Fast and fault-tolerant: pick two
Matt Barrett, Founder & CEO @ Adaptive
The Adaptive company helps moving a lot of cash around the globe. Stressful work. Matt talked about what he claims is the world's fastest (in terms of low-latency) Raft implementation. This was built 8 years ago. Antithesis (tested couple months ago) said it is one of the most reliable Raft implementations they saw. It's used for trading systems/infrastructure. It supports 100K transactions/sec, and provides low double digit microseconds with low variance.
Aeron cluster, their fast and fault-tolerant Raft, builds on opensource Aeron as a low latency high throughput messaging layer. It is based on individual byte replication, not message replication! They moved from a message index to a byte index, with natural batching at all levels. Matt said business logic runs in the cluster for low latency. I don't know what he means exactly by that.
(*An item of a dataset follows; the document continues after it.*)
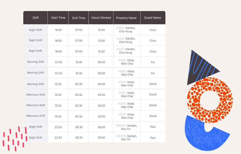 Managing rosters across estates and roles such as security rotations, cleaning shifts, maintenance crews, can mean hundreds of shift patterns. When rosters and clock-in records are separated, data sync becomes slow, error-prone, and gives no real-time visibility into who's actually on-site.

But, why didn't we hear about this Raft implementation before? Also the talk did not mention any protocol innovations. It looks like there isn't much protocol level innovation at the distributed systems level or algorithmic level, and the innovation may be at the lower layers, at data handling and networking implementation. I still don't have a good idea of their Raft implementation after the talk.
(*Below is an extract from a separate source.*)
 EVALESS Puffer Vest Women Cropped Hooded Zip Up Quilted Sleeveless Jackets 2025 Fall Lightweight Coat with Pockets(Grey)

Making high performance storage boring
Corwin Coburn, Uber Tech Lead, Parallel File Systems @ Google
The point is you want to keep storage boring. Storage is about writes and reads. It is a utility, and, hence, is boring. Nobody calls the plumber when things are fine. They built at Google the fastest luster filesystem in the world with 10 TB/sec.
Parallel file systems in the cloud requires capacity, performance, availability, security, ease of use. They put a lot of effort to keep the storage boring by building on reliability infrastructure, proven software (lustre), strict tenancy isolation, providing limited configurations, and achievable SLOs.
This part is important do not overpromise, and not overdeliver! If you overdeliver, and customers get accustomed to it (Hyrum's law), when you go normal, that breaks the customers.
Since this conference care a lot about testing, what about testing at scale?
- try to avoid this
- but test each component at large scale
- and test e2e at small scale
- do the math
- and finally do limited test at full scale
Innovation << Reliability << Inertia
This is also a big tenet of keeping it boring. Nobody rewrites their applications to use your uber/super API. It has to be boring, remember, utility is boring.
A tip for the developers. When you don't use storage properly, it performs badly. Most developers don't know how to use storage properly. One important thing is: don't use filesystem metadata for query intensive operations.